ENGL 405-002 SHAKESPEARE'S TRAGEDIES TTH 11:00-12:15 GECKLE
A detailed study of several Shakespeare's tragedies, such as Romeo and Juliet, Julius Caesar, Hamlet, Othello, King Lear, Macbeth, and Antony and Cleopatra. PAPERS: Two, 4-5 pp. EXAMS: Midterm and final. TEXT: David Bevington, The Complete Works of Shakespeare, 4th ed.

ENGL 406-001 SHAKESPEARE'S COMEDIES/HIST. TTH 9:30-10:45 RICHEY
We will explore the social energy--the "stir in the mind"-- that Shakespearean theater creates within an audience of watchers and readers, thinking especially in terms of Renaissance anxieties over political power, race, gender, and sexuality. In considering these issues, we will come to terms with some of the cultural practices which separate us from Elizabethan audiences as well as some which join us irrevocably to them. Requirements: Analytical discussion questions, two papers (the second involving research), a midterm, and a final exam.

ENGL 411-001 BRITISH ROMANTIC LITERATURE TTH 2:00-3:15 FELDMAN
To understand our world and our values, we will explore works by writers of the romantic era in Britain. We will read selections from the poetry and/or prose of writers such as Jane Austen, William Wordsworth, Mary Robinson, Samuel Taylor Coleridge, Charlotte Smith, William Blake, Percy Bysshe Shelley, Mary Wollstonecraft Shelley, John Keats, Lord Byron, and Felicia Hemans. We will examine the way in which literature responded to various forces, including political events (such as the American and French revolutions), aesthetics, social class, the abolitionist movement, the feminist movement, innovations in the book trade and an increasingly literate public. Classes are taught by the lecture/discussion method. There will be two short essays, a midterm and a final exam.

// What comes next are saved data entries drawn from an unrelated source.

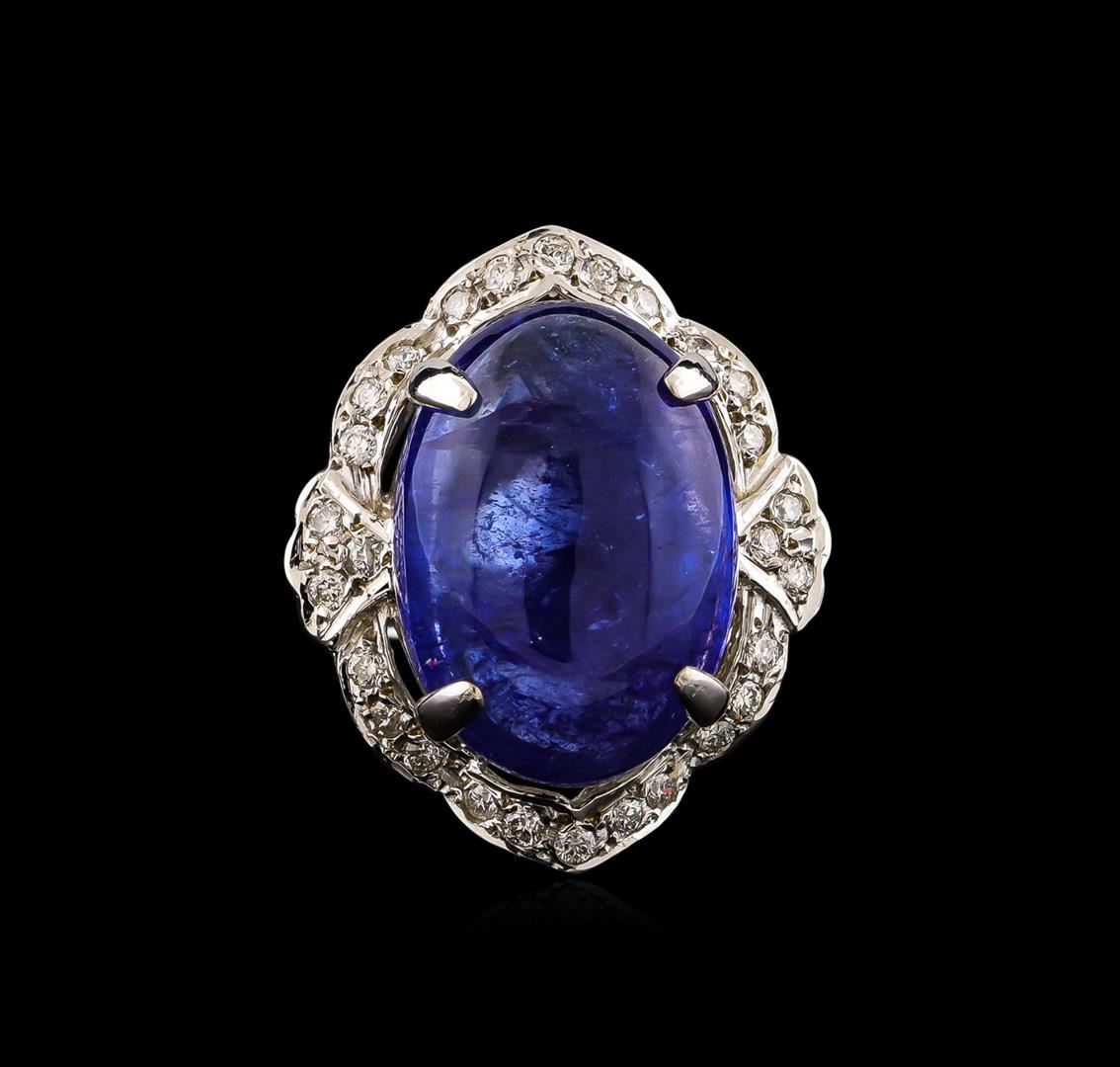 One electronically tested 14KT white gold ladies combination cast & assembled ring with a bright polish finish. Condition is new. Identified with markings of "14K". Containing: One prong set oval cabochon cut natural tanzanite, measuring 20.07 x 10.46 x 6.97mm, approximate weight of 13.23ct., clarity is moderately included, type I, medium light, very slightly grayish, bluish violet color, (GIA bV 4/3), cut is good. Twenty prong set round brilliant cut diamonds, measuring 1.80 - 1.80 x 1.08mm (depth est.) approximate. Total Weight of 20 Stones = 0.43ct. Clarity: I-1 to I-2. Color: I - J, Cut is Good. Colored gemstones are presumed to have been subjected to commonly used enhancement processes. All diamonds and colored gemstones are graded in the mounting, unless otherwise stated. Total Weight of Colored Stones 13.23ct. Total Weight of Diamonds 0.43ct. Total Weight of Ring 12.60 grams. GGL Appraised at $12,755.00.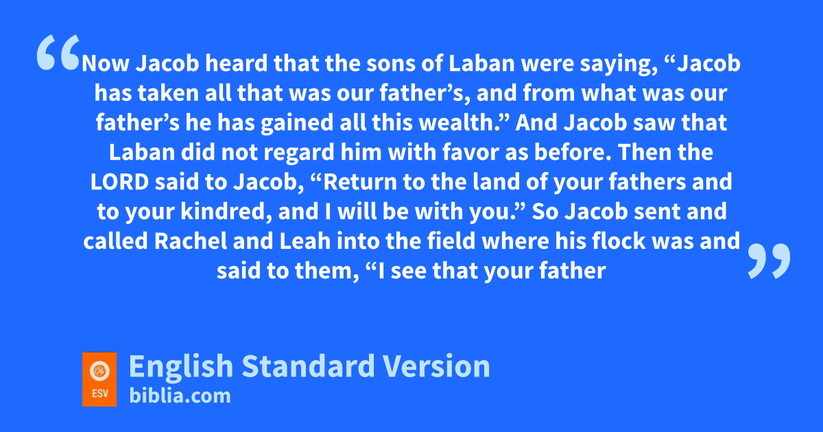 31 Now Jacob heard that the sons of Laban were saying, “Jacob has taken all that was our father’s, and from what was our father’s he has gained all this wealth.” 2 And Jacob saw athat Laban did not regard him with favor as before. 3 Then the Lord said to Jacob, b“Return to the land of your fathers and to your kindred, and I will be with you.”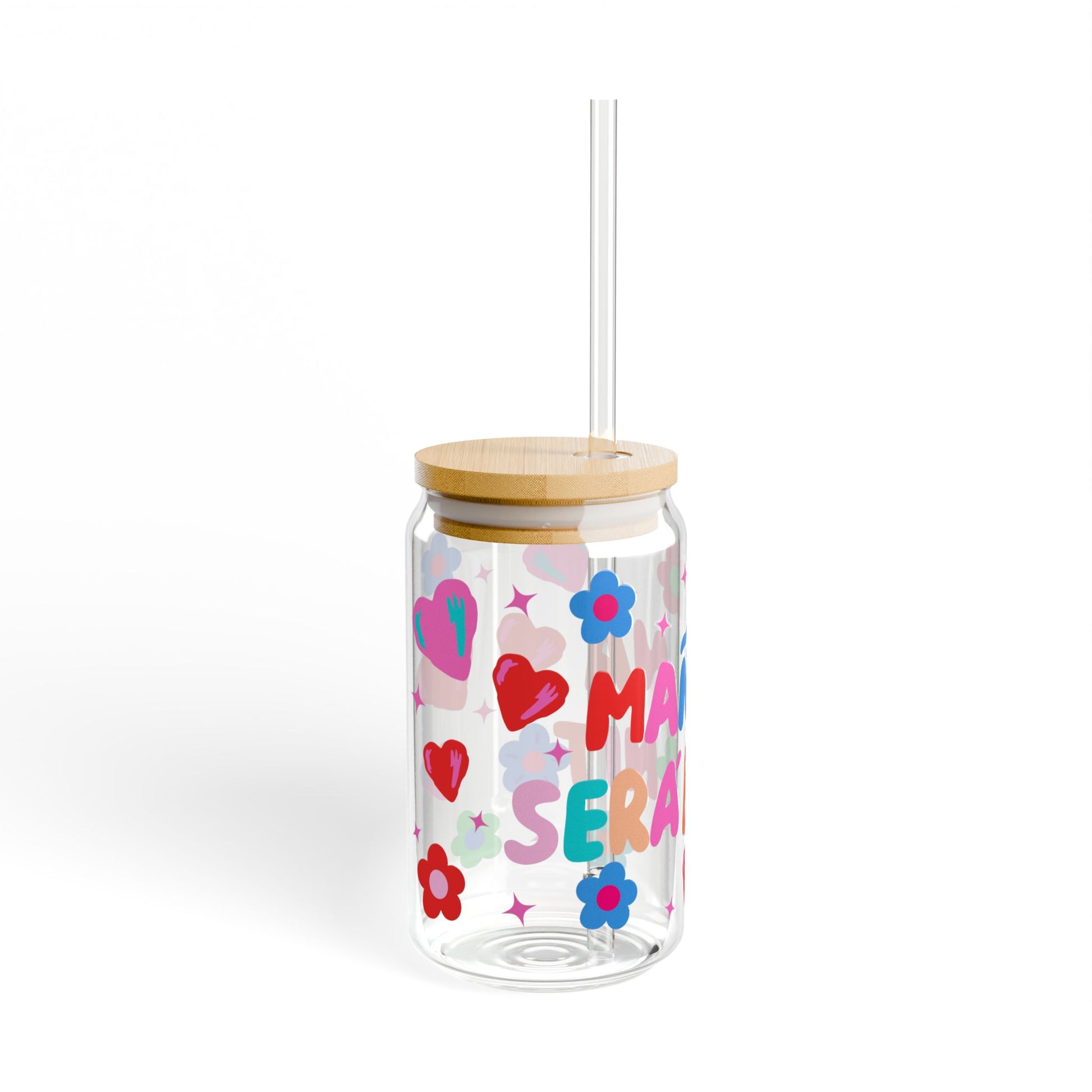 Manana Sera Bonito, Colorful Sipper Glass, 16oz - Cute Floral and Heart Design - Gift for Friends, Birthday, Party, Eco-Friendly Drinkware
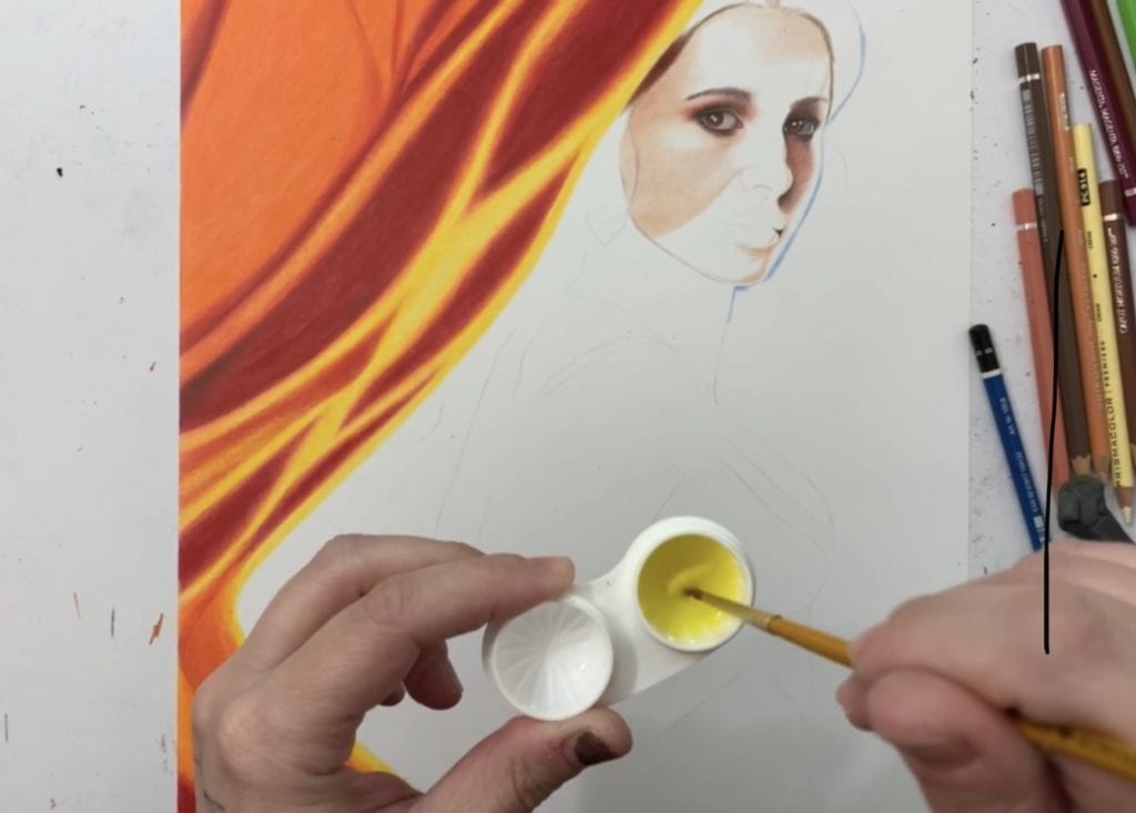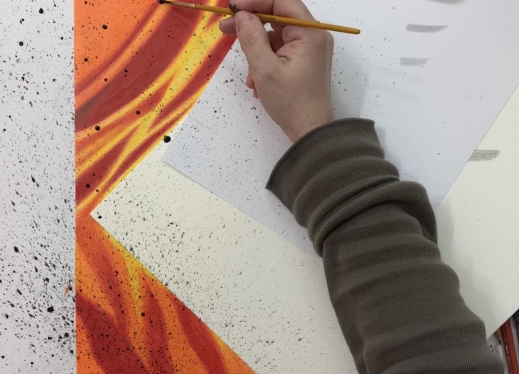 Back to the drawing: Below is what the background looks like before the splatters. Quite simple, I didn’t blend everything out, so it is neither detailed, nor smooth. I just layered three colors and blended minimally using only the pencils. At this point I wanna add that some artists use solvents such as mineral oils to blend the background and the result supposedly looks very smooth. For some reason this method NEVER worked for me. Don’t know why, but any advice is more that welcome!

ENGL 412-001 VICTORIAN LITERATURE MW 3:35-4:50 SCOTT
This course provides an overview of Victorian cultural developments through a survey of major Victorian poets (and selected prose writings, chiefly non-fiction), from Carlyle and Tennyson in the 1830's to the Aesthetes of the 1890's. Texts: TBA. Written requirements: two shorter reports (3-5 pages, September, October), one longer paper involving library research (7-10 pages, November), final exam. There may also be occasional short reading quizzes.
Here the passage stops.